» THE PROBLEM
Exact copy, no pictures: output each line below as it stands.

» INFORMATION SUPPLIED
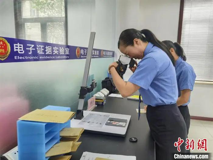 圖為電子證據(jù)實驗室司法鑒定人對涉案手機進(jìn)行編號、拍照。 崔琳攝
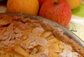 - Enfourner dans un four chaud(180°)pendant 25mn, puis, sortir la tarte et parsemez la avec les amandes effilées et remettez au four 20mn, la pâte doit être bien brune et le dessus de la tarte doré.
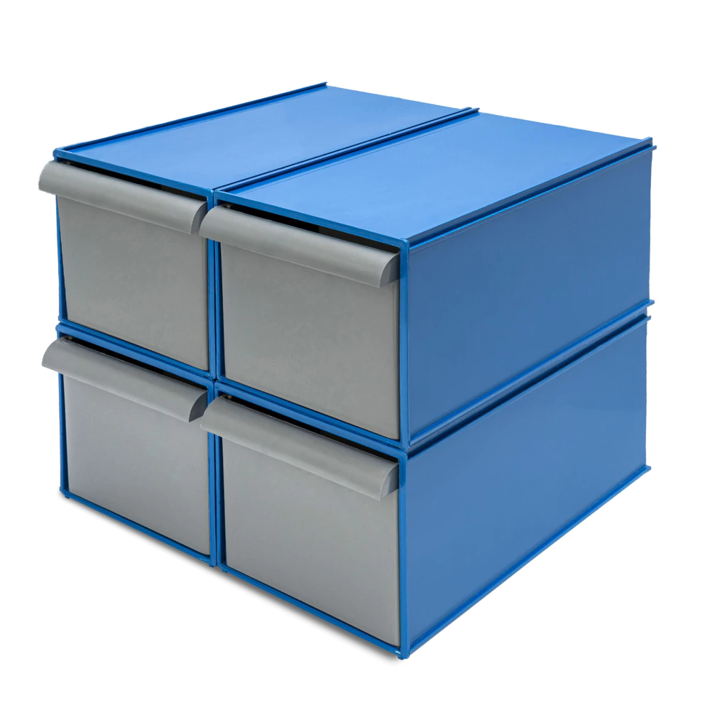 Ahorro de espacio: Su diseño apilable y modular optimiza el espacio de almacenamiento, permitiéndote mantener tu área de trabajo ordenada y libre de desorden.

» ANSWER TO THIS PROBLEM
 圖為電子證據(jù)實驗室司法鑒定人對涉案手機進(jìn)行編號、拍照。 崔琳攝
 - Enfourner dans un four chaud(180°)pendant 25mn, puis, sortir la tarte et parsemez la avec les amandes effilées et remettez au four 20mn, la pâte doit être bien brune et le dessus de la tarte doré.
 Ahorro de espacio: Su diseño apilable y modular optimiza el espacio de almacenamiento, permitiéndote mantener tu área de trabajo ordenada y libre de desorden.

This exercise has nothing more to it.